Jestem zwykłym niedzielnym pstrykaczem - nie robię i nie wywołuję RAWów. Cała postprodukcja to GIMP, konkretnie kadrowanie i zmniejszenie rozdzielczości pod FB. Tylko tyle i aż tyle.
Jak na razie jestem targetem na sprzęt Canona - budżetowe obiektywy są jakie są, a puszka i tak wyprostuje dystorsję, nim zapisze kadr w jpg-u. Sam już nie wiem, czy to znak naszych czasów, czy cwaniactwo producenta.
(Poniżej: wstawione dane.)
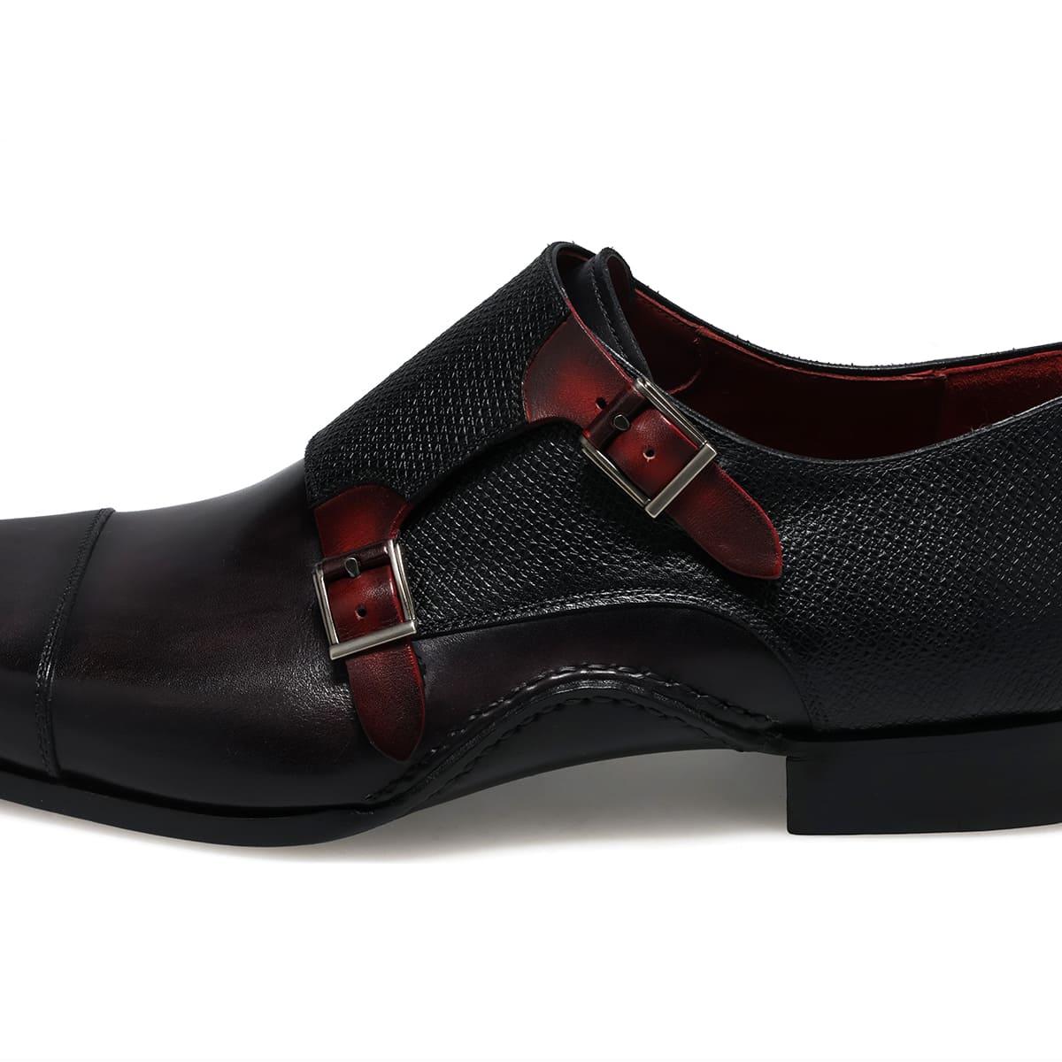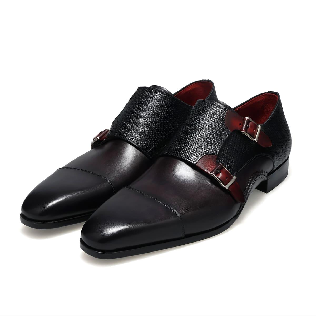 クラシックなダブルバックルに現代的なニュアンスを取り入れた、モダンでシャープなキャップトゥのダブルモンクストラップ。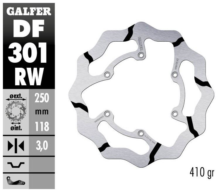 I dischi “Disc Wave®” rappresentano l’esempio migliore di Ricerca e Sviluppo di Galfer. I dischi Galfer vengono prodotti con macchine a taglio laser utilizzando la miglior qualità di acciaio inossidabile. Le tecnologie di produzione derivano direttamente dalle competizioni e rese disponibili a tutti gli utenti. Il montaggio non richiede staffe o parti supplementari e sono compatibili ai ricambi originali. Il disco freno “Disc Wave®” è una proprietà intellettuale di Industrias Galfer SA protetta da brevetto in Europa ed America.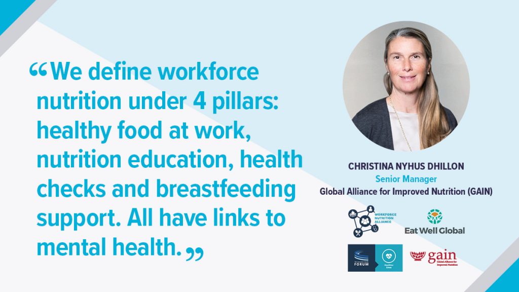 “Nutrition is often linked most closely with physical health but there are strong associations with mental and emotional health, and this is bi-directional. Your mental and emotional health affect your diet and your diet affects your emotional and mental health” said Christina Nyhus Dhillon Senior Manager, the Global Alliance for Improved Nutrition (GAIN). She participated in Consumer Goods Forum’s Collaboration for Healthier Lives (CHL) latest podcast episode, together with Erin Boyd Kappelhof, Co-CEO of Eat Well Global, to explore the connection between mental health and nutrition. They concluded that workforce nutrition can be an important lever to promote employee well-being.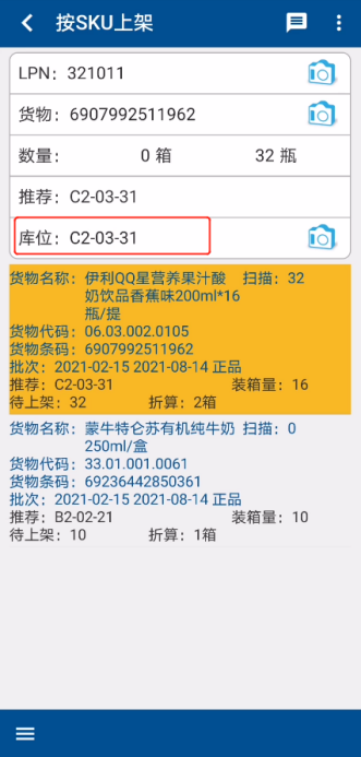 4.作业开始:上架组员复核收货明细,将货品运送并上架至对应库位,清点实物数量,并在EA处输入散件数量,扫描库位条码,完成【WMS】系统操作。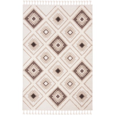 Moroccan Tassel Shag MTS688 Non-Shedding Power Loomed Indoor Accent Rug - Ivory/Brown - 3'x5' - Safavieh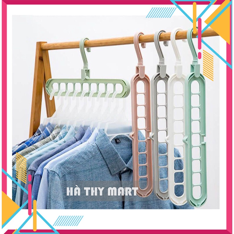 - Móc treo quần áo đa năng tiện ích tiết kiệm diện tích (9 lỗ) thiết kế thông minh, tiện lợi treo được 9 móc trên 1 dàn. Treo được nhiều quần áo. Treo ngang treo dọc chỉ cần 1 động tác nhỏ.

Na ten moment mnie to nie boli.
Gdybym chciał się jednak pobawić w prostprodukcję RAW (tyle piszecie o Lr/LrC), to optycznie też mi to chyba nie zrobi różnicy, gdyż wyprostuję profilem i będzie git.
Czyli co - jak dla mnie WIN/WIN?
PS
Podpowiedzcie proszę, jaki soft do postprodukcji (mam tu na myśli m.in. edycję profilem dedykowanym pod dany obiektyw) jest w rozsądnych pieniądzach. Nie szukam żadnego planu, chciałbym zapłacić jakieś drobne i używać, być może się w to wkręcę. A może nie. Istnieje jeszcze taki na rynku?